La ragione per cui l’ho fatto, fondamentalmente, è perché volevo voi sapeste che non siete sole. Che so come ci si sente perché ci sono passata anch’io… e a volte ci passo tuttora. Lo so che ferisce… lo so che fa pensare di essere matte… lo so che fa venir voglia di urlare anche se poi restiamo in silenzio… lo so che fa star male… lo so che fa venire voglia di piangere… ma dentro di voi c’è la forza per uscirne. Se lo volete veramente, c’è sempre una via d’uscita. E spero, anche se in piccolissima parte, di aiutarvi a trovarla con le mie parole. Con le parole del mio post di ieri.

Perché la ragazza che circa tre anni fa scrisse quelle parole, era decisamente sprofondata in un buco nero… e nessuno poteva lanciarle una corda, perché lei era troppo debole per issarsi. E nessuno poteva allungarle una mano, perché loro non erano forti abbastanza da tirarla su. E, soprattutto, in nessun modo poteva essere fatto qualcosa per farla uscire, perché lei per prima non era del tutto sicura di volerne uscire. Paradossalmente, anche se quel buco era nero e scomodo e freddo, era l’unica cosa che conosceva, l’unica cosa che le era familiare, che le dava sicurezza. Perciò, in fin dei conti, uscirne la terrorizzava. Così quella ragazza trascorreva la giornata in quel buco, studiava in quel buco, restringeva in quel buco, faceva sport in quel buco… viveva in quel buco. E in quel buco soffriva quando gli altri la guardavano con aria preoccupata senza sapere cosa fare per lei. E in quel buco si sentiva in colpa per tutto quello che poteva sentirsi in colpa e soprattutto per non avere la forza di cambiare la situazione.

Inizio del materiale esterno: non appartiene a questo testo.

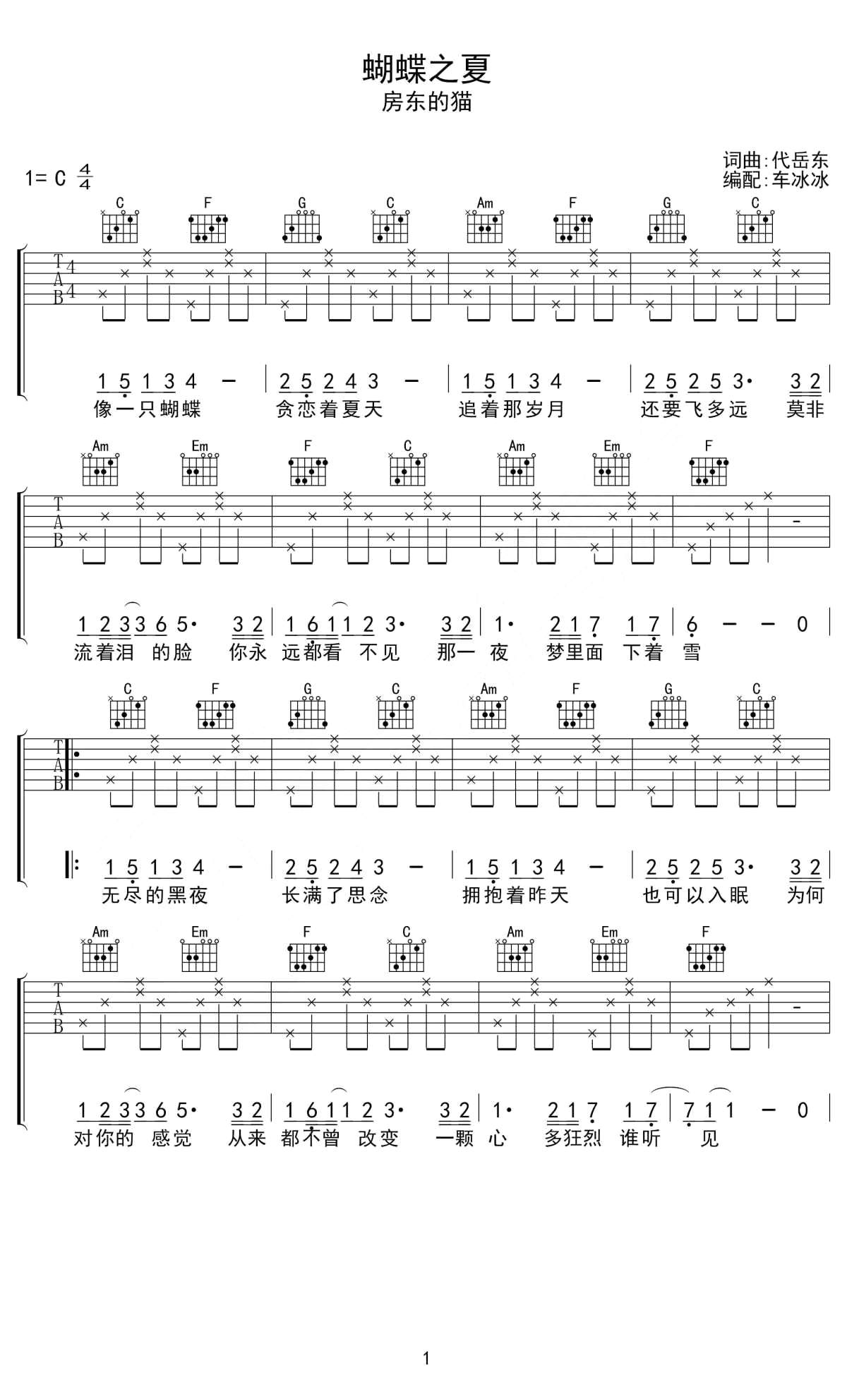 吉他房东的猫《蝴蝶之夏》吉他谱_吉他弹唱谱_无限延音编配

Non sono arrivati angeli. Non ci sono stati miracoli. Tutto solo un lavoro di unghie e di denti. Unghie che si sono spezzate, e conseguenti ricadute verso il fondo, e poi di nuovo verso l’alto, un’arrampicata che sto ancora compiendo. E adesso che non sono più così sul fondo, comincio ad intravedere raggi di luce. Non è rapido, non è facile, non è indolore. Si tratta di fare una scelta e di mettere tutta la propria determinazione per seguirla fino in fondo. Si tratta di trovare i mezzi giusti e di usarli: mezzi che sono dentro ognuna di voi, basta solo cercarli. La rabbia c’è sempre, ma possiamo decidere come usarla: rivolgendola contro noi stesse e proseguendo un’infinita opera di decostruzione-ricostruzione-decostruzione, oppure buttandola all’esterno e trasformandola in determinazione e forza per proseguire l’arrampicata.

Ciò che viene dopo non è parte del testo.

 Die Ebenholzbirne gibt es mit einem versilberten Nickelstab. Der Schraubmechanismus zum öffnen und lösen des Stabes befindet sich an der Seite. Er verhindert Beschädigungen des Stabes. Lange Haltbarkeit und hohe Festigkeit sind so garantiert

Era tutto nelle mani di quella ragazza. Gli altri potevano farle di contorno, ma solo lei poteva decidere per la sua vita. Doveva usare ogni mezzo, dare fondo a tutta se stessa. Tutta la sua rabbia, la sua determinazione, la sua disperazione, la sua onestà, la sua sopportazione, la sua capacità di reagire, la sua volontà, la sua forza. Dopotutto, quel buco era veramente molto profondo.

Perciò, adesso che riesco a vedere raggi di luce, continuo a mettercela tutta per raggiungere la cima. Fallirò? Cadrò nuovamente verso il basso? O riuscirò ad uscirne una volta per tutte? Sicuramente, continuo la mia battaglia infinita. E, si sa, di questo sono convinta, combattere è già una vittoria.